そうなのですが、それでも最終的に引き受けたのには、様々な要素があると思います。
まず英語検定に関しては、私は今でも本命はTOEFLだと思っていますが、TOEFLには受験料が高過ぎるという難点があります。一回230ドル、円換算で2万5,000円というのは問題です。また、TOEFLには「先進国で教育水準の高い日本で途上国並みの平均点しか出ない」という問題があります。つまり、日本人の音声認識や記憶法などとは相性が悪いのです。
かといって、日本や韓国の受験生に配慮して別コンセプトで作ったTOEIC(結局は民間試験参加を辞退しましたが)では易しすぎるし、ということで改めて日本市場向けに白紙からの開発をしたのが、ベネッセのGTECなのだと思います(私はその内容を精査はしていないので、日本人向けということが過度になると、結局は高得点を出しても話せない、聞き取れないということになる懸念は持っていますが)。

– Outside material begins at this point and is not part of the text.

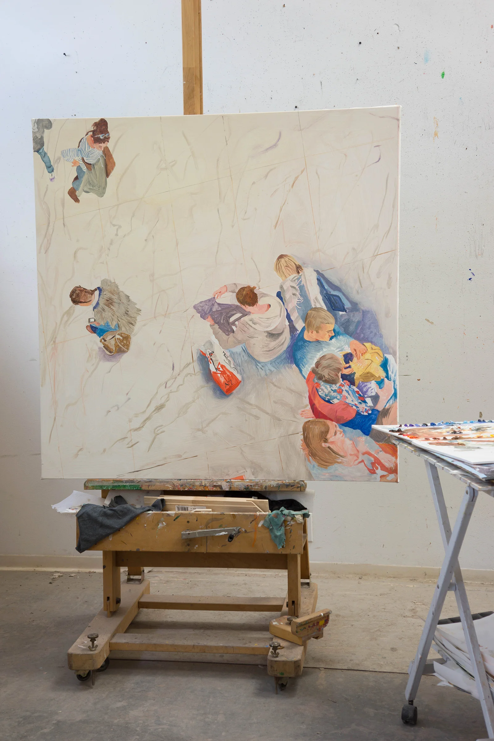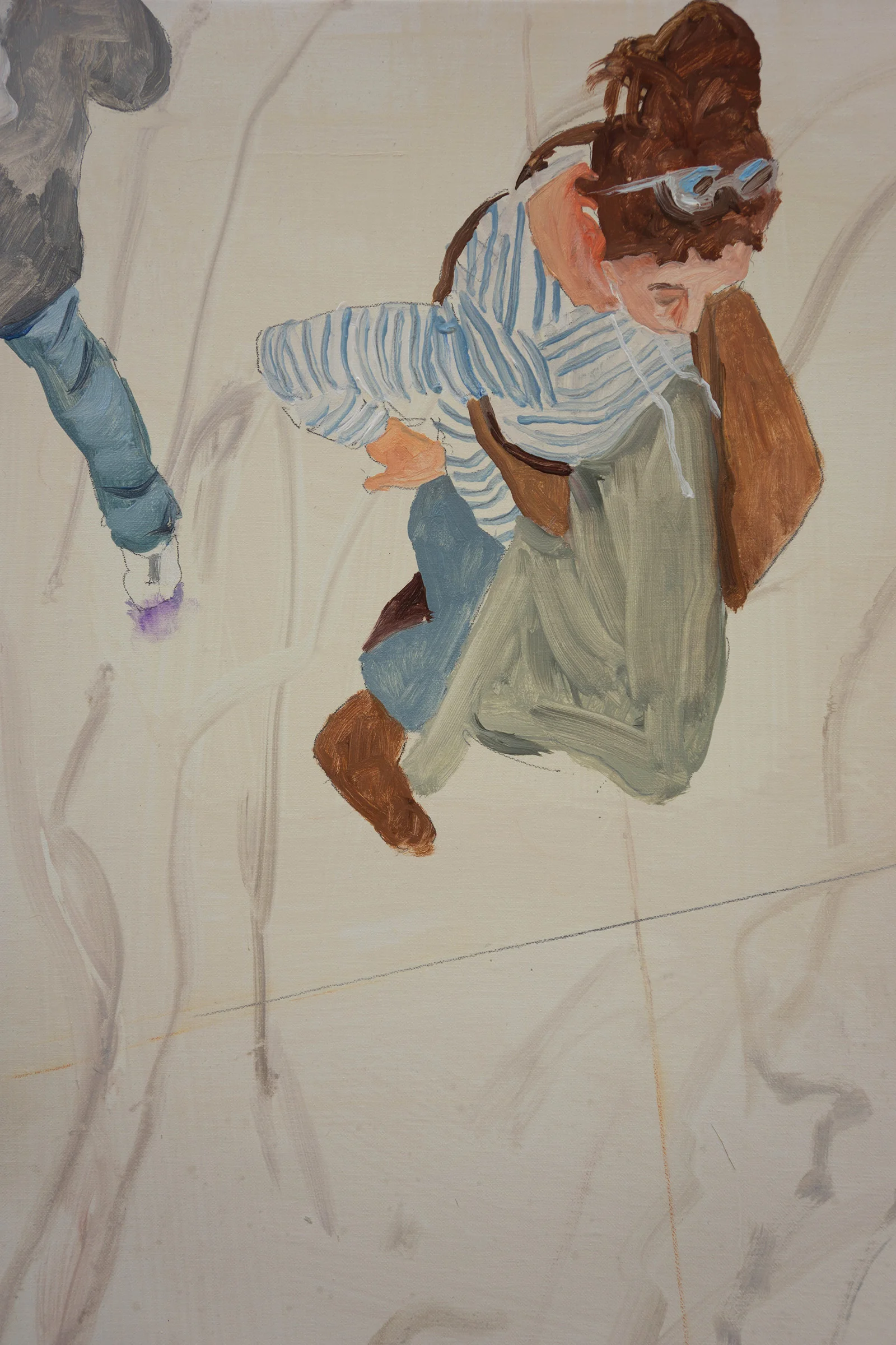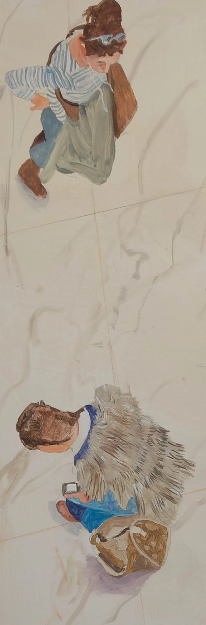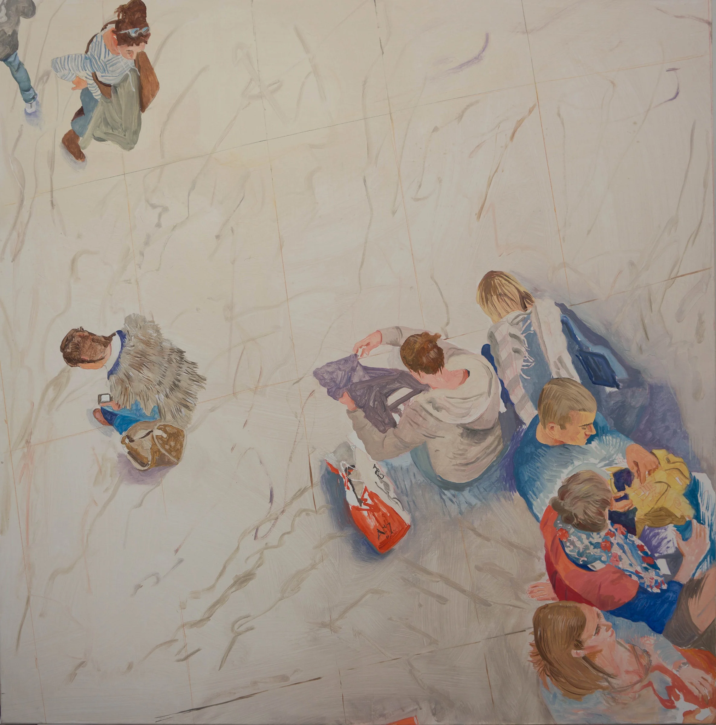 the name comes from this 2010 painting, exhibited in my solo show at skoufa gallery, athens, in 2010, and now in a private collection in athens, greece. foreshortening, or drawing and painting objects and people as seen from above, is something that comes naturally to me. when, for example, i look down from one of the levels at MOMA in new york, i always shoot photos. that angle just turns me on. so i have a lot. but it wasn't until this painting, derived from photos of a parade on skoufa street shot from a second floor balcony in 2009, that i began making paintings of images viewed from above on a regular basis. i was able to draw on the thousands of images from shots i had taken at museums, of street artists in denver, in malls, and so on. i made a series of smaller works in oil, mostly 16x16" and when my gallery owner and dear friend in houston, ron gremillion, founder of gremillion & co. fine art saw them, he asked if i could make larger versions for a solo show in november, 2015. and thus, the current series was born. thus far there are 18, which you can see by clicking on the "parade series" link, above.

では、どうして民間なのかということですが、これは仮に民間ではなく、大学入試は大学によって実施するとして、4技能判定を行うノウハウと、マンパワーは大学にはないからです。
一方で、国語や数学の「記述式」についても民間委託への批判が出ています。こちらに関しても同じことで、民間がそんなことを引き受けるのは本来いいことではないし、引き受ける企業としてもリスクがあるので、ものすごくエキサイトしてやっているのではないと思います。
どうして「記述式」の採点を民間委託するのかというと、大学の現場はもうヘトヘトで負荷はかけられないからです。ただでさえ、国公立も私立も、入試シーズンの1月から3月までは「禁足令」が出ていて、教員は海外でどんなに重要な学会があっても出張禁止、主要な調査活動も禁止になっています。そのために、日本の研究水準、学説などの発信能力に問題が出ているのです。
では高校にやらせればいいとか、高校の先生に監督をという話もありますが、これこそ「利害相反」になります。高校教師はその高校からの進学実績が良ければ評価が上がるわけで、「先生だから公正な採点をするだろう」などという見方はできません。
ということで、消去法で民間委託となっているわけです。しかも不祥事が出れば、企業イメージは潰れますから、文科省としては気楽というわけです。
じゃあ、左派はどうして民間委託に反対しているのかというと、受験生や親、高校の不安心理を政治的に利用しようとしているのに加えて、大学でのポジションを増やして組合的な既得権を太らせようとしているのかもしれません。
いずれにしても、英語の4技能試験を先送りし、今度は記述式にもイチャモンというのは改革には逆行です。何度も申し上げますが、ここは萩生田大臣の首と引き換えに、改革を死守すべきでした。
同時にベネッセなど民間業者に関して言えば、利害相反疑惑や利益誘導、不正などを批判されるリスクが大きいのですから、入試関係の業務は非営利団体などに移管すべきと思います。
アメリカの場合では、SATやTOEFLの開発は民間委託とは言え、ETSという非営利団体がやっています。これにならって、社会的信頼を得るべきではないかと考えます。本件に関する私の見解としては以上です。